- [YOUR OBJECTIVE]: Restate word for word the section of the entries that opens at the line containing "2020年12月28日,我公" and closes at the line containing "Get cozy in", both lines kept, pictures dropped.

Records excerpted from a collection
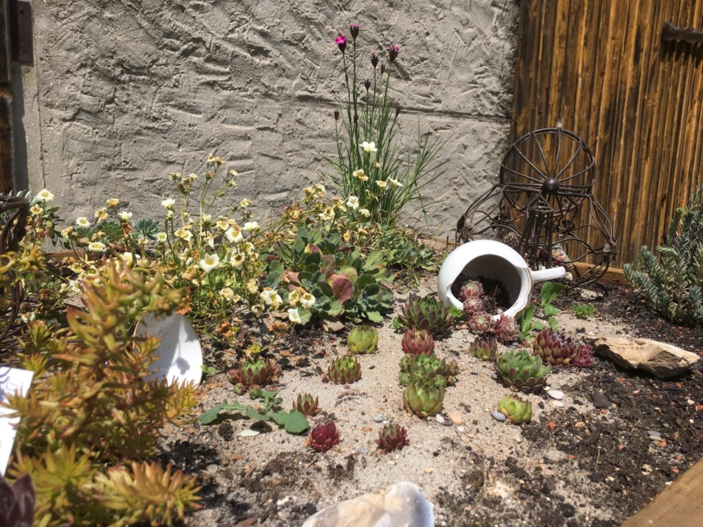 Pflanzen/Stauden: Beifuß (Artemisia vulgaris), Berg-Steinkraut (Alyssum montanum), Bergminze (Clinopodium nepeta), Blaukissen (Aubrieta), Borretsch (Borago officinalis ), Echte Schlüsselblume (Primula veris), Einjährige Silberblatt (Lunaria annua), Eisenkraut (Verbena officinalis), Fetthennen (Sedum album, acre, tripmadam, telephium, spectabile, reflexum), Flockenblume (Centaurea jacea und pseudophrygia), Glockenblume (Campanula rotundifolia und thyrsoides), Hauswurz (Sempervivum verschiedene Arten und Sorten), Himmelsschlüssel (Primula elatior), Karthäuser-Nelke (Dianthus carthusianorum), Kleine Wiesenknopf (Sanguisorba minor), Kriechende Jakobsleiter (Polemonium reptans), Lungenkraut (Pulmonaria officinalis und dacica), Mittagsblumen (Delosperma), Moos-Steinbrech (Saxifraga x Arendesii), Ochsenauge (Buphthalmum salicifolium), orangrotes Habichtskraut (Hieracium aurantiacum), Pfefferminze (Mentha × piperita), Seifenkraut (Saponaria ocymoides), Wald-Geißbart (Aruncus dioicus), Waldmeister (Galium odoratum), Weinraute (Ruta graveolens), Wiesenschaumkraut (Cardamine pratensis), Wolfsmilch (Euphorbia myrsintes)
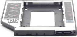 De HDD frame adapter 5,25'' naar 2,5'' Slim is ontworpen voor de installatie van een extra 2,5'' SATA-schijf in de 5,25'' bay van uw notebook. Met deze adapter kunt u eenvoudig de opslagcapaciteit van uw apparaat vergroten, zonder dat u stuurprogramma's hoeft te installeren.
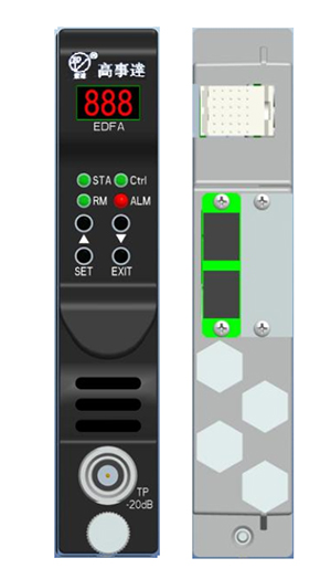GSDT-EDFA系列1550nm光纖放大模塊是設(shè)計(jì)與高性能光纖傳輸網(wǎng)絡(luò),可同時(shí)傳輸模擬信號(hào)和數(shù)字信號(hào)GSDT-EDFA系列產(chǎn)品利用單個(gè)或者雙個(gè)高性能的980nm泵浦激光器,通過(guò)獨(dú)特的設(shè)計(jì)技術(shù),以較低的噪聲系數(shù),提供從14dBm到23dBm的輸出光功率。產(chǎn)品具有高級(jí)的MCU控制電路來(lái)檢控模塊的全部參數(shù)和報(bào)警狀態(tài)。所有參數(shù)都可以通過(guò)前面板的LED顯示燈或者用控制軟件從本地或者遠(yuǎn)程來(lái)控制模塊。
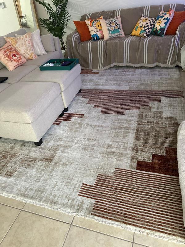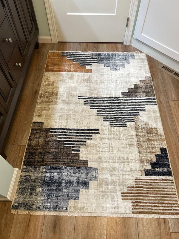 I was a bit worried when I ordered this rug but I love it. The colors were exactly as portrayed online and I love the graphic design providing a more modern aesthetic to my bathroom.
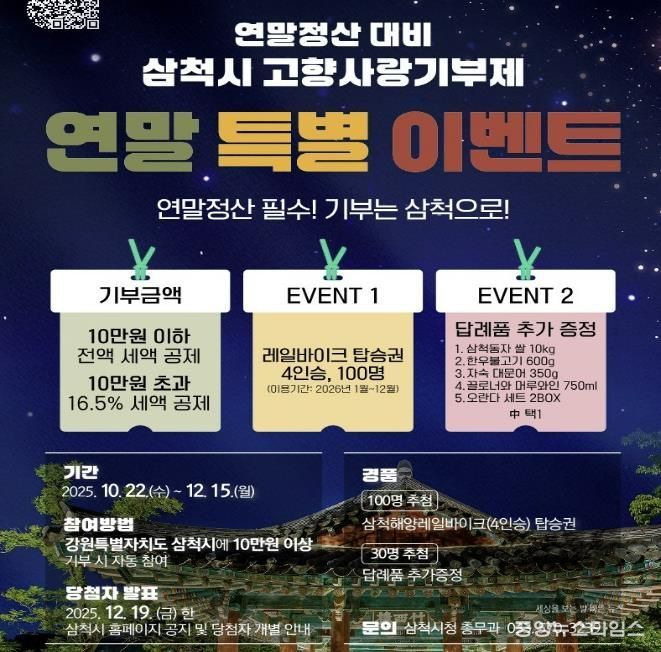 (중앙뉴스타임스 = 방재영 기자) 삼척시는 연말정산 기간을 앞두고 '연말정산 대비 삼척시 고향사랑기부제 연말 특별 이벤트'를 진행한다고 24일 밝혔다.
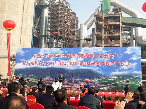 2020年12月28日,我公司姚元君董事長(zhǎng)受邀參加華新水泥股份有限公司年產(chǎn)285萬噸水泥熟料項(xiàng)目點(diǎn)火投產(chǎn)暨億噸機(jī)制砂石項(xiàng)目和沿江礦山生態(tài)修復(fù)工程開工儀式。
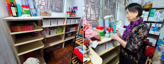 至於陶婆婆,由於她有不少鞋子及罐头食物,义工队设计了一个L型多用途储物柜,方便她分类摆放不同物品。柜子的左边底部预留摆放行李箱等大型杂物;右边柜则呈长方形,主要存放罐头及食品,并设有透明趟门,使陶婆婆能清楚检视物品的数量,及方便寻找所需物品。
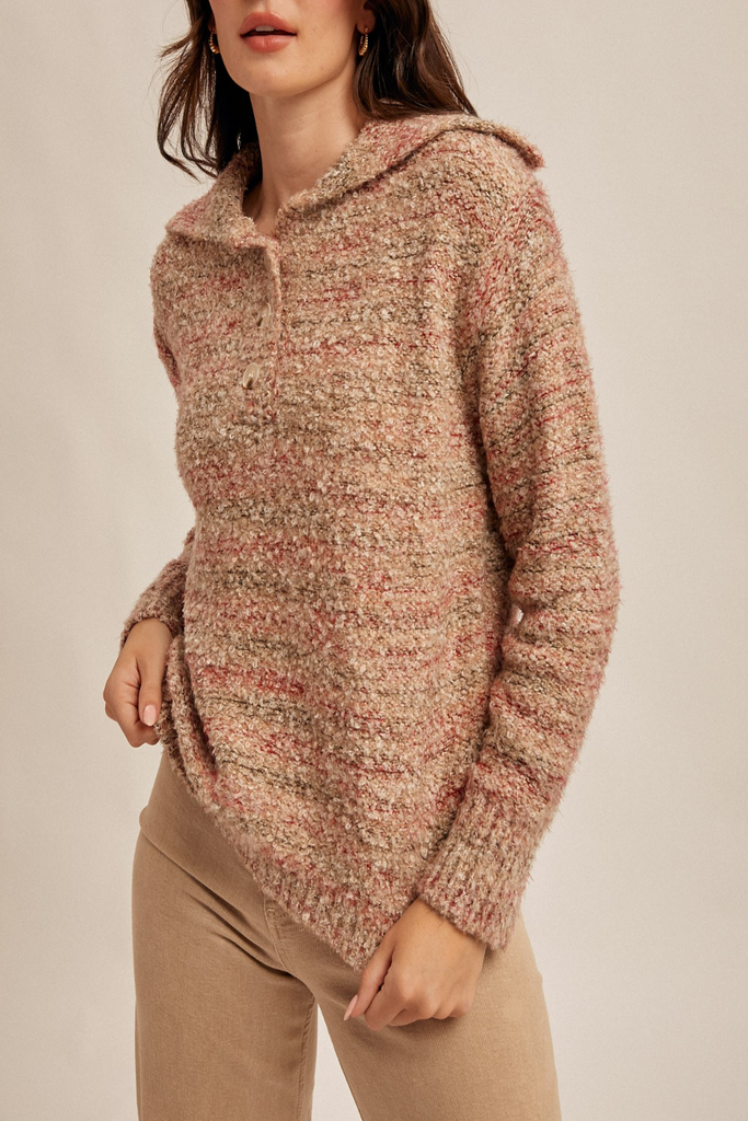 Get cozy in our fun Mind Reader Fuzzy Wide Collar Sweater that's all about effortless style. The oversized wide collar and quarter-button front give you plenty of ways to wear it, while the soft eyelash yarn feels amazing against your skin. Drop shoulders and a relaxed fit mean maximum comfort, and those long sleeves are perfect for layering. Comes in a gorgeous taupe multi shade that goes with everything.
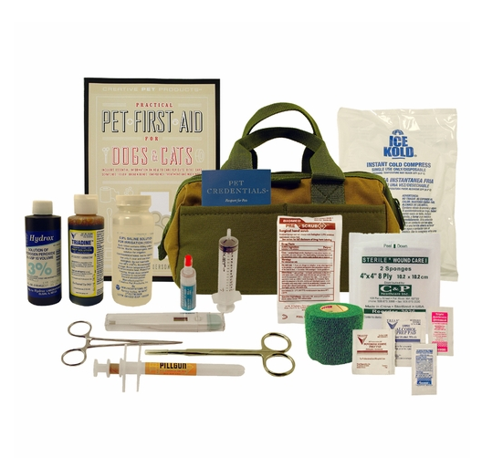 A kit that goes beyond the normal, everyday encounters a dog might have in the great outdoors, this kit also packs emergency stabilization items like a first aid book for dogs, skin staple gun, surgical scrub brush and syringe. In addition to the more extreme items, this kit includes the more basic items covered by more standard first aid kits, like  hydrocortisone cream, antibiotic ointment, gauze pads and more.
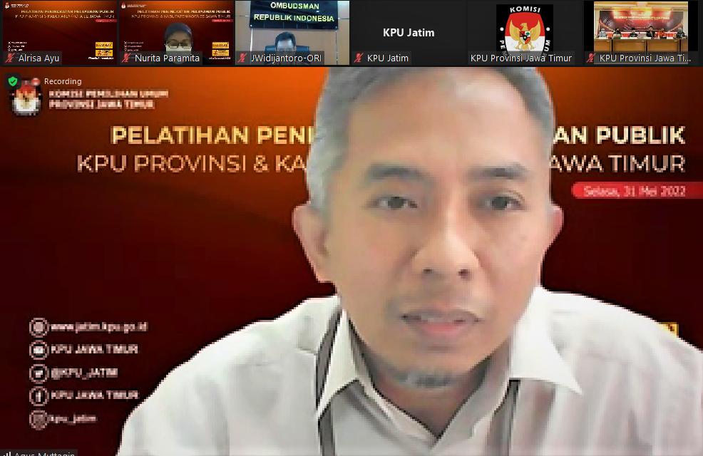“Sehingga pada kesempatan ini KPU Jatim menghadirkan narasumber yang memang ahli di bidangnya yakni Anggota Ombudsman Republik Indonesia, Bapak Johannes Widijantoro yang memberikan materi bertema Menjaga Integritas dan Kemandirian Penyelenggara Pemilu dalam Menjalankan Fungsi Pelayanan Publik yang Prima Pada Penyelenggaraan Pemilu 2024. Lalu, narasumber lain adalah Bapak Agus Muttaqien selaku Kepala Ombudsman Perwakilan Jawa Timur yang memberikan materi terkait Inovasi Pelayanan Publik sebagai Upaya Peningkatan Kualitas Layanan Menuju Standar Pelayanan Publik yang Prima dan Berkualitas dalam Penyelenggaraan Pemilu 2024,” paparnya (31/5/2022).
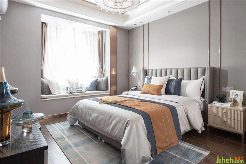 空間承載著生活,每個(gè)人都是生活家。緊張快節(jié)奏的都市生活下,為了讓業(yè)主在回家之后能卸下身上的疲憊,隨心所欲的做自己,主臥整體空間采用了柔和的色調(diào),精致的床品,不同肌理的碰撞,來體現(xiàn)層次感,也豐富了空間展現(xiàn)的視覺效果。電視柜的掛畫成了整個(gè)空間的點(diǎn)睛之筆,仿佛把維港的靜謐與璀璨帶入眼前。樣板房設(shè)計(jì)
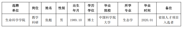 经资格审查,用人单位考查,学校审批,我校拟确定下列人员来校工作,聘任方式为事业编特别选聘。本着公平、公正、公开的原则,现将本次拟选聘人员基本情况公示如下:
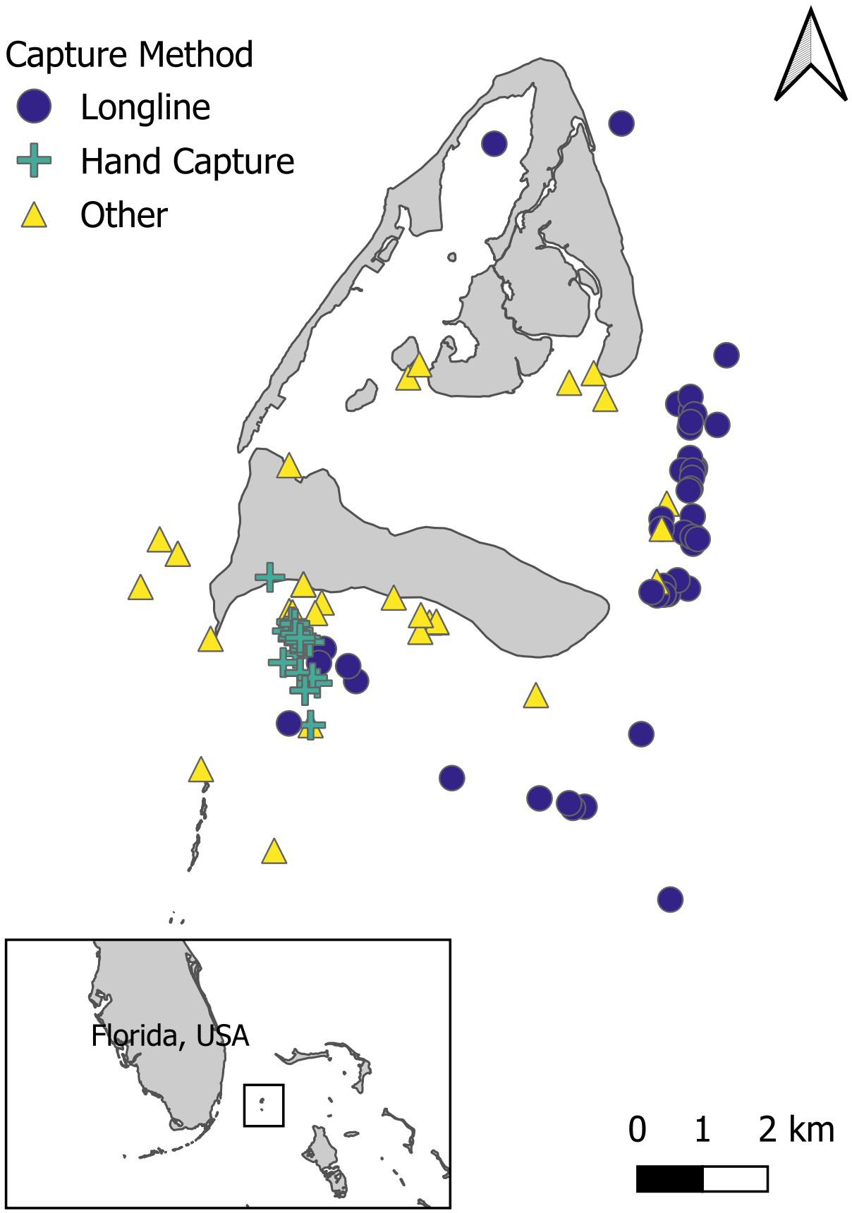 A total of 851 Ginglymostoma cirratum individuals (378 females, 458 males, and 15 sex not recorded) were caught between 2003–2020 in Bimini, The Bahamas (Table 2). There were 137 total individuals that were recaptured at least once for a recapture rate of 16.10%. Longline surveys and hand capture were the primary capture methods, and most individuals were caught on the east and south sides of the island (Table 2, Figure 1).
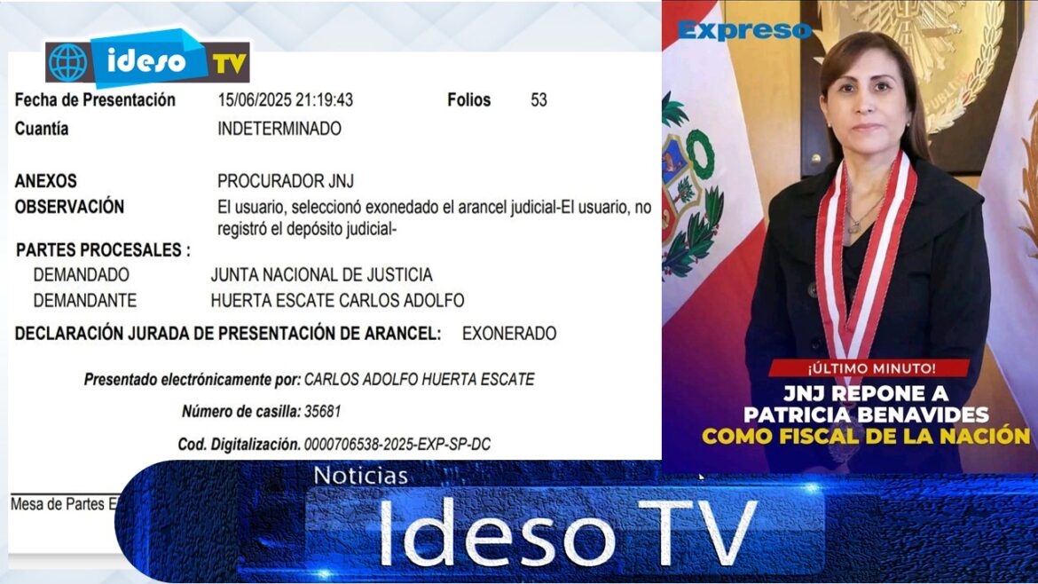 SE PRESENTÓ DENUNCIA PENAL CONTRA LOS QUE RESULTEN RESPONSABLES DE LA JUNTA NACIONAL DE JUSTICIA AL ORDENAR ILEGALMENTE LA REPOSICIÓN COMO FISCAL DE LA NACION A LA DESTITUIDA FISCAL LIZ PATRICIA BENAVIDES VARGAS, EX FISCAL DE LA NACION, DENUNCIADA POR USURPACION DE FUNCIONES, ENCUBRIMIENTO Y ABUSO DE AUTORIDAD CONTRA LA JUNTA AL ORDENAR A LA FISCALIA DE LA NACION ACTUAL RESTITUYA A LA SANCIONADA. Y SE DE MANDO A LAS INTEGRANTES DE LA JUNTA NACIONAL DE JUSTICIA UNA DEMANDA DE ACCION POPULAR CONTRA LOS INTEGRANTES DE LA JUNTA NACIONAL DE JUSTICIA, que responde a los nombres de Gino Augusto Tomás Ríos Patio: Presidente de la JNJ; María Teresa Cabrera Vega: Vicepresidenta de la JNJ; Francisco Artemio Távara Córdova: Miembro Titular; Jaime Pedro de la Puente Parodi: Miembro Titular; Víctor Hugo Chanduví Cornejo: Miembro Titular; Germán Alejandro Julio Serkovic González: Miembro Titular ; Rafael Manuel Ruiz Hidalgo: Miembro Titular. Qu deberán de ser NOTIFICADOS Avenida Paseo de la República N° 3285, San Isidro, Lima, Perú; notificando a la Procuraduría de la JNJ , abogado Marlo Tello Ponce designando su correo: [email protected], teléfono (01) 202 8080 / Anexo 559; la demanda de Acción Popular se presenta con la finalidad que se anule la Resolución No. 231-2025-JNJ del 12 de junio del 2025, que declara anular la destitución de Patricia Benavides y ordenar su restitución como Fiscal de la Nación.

- [YOUR SOLUTION]:
 2020年12月28日,我公司姚元君董事長(zhǎng)受邀參加華新水泥股份有限公司年產(chǎn)285萬噸水泥熟料項(xiàng)目點(diǎn)火投產(chǎn)暨億噸機(jī)制砂石項(xiàng)目和沿江礦山生態(tài)修復(fù)工程開工儀式。
 至於陶婆婆,由於她有不少鞋子及罐头食物,义工队设计了一个L型多用途储物柜,方便她分类摆放不同物品。柜子的左边底部预留摆放行李箱等大型杂物;右边柜则呈长方形,主要存放罐头及食品,并设有透明趟门,使陶婆婆能清楚检视物品的数量,及方便寻找所需物品。
 Get cozy in our fun Mind Reader Fuzzy Wide Collar Sweater that's all about effortless style. The oversized wide collar and quarter-button front give you plenty of ways to wear it, while the soft eyelash yarn feels amazing against your skin. Drop shoulders and a relaxed fit mean maximum comfort, and those long sleeves are perfect for layering. Comes in a gorgeous taupe multi shade that goes with everything.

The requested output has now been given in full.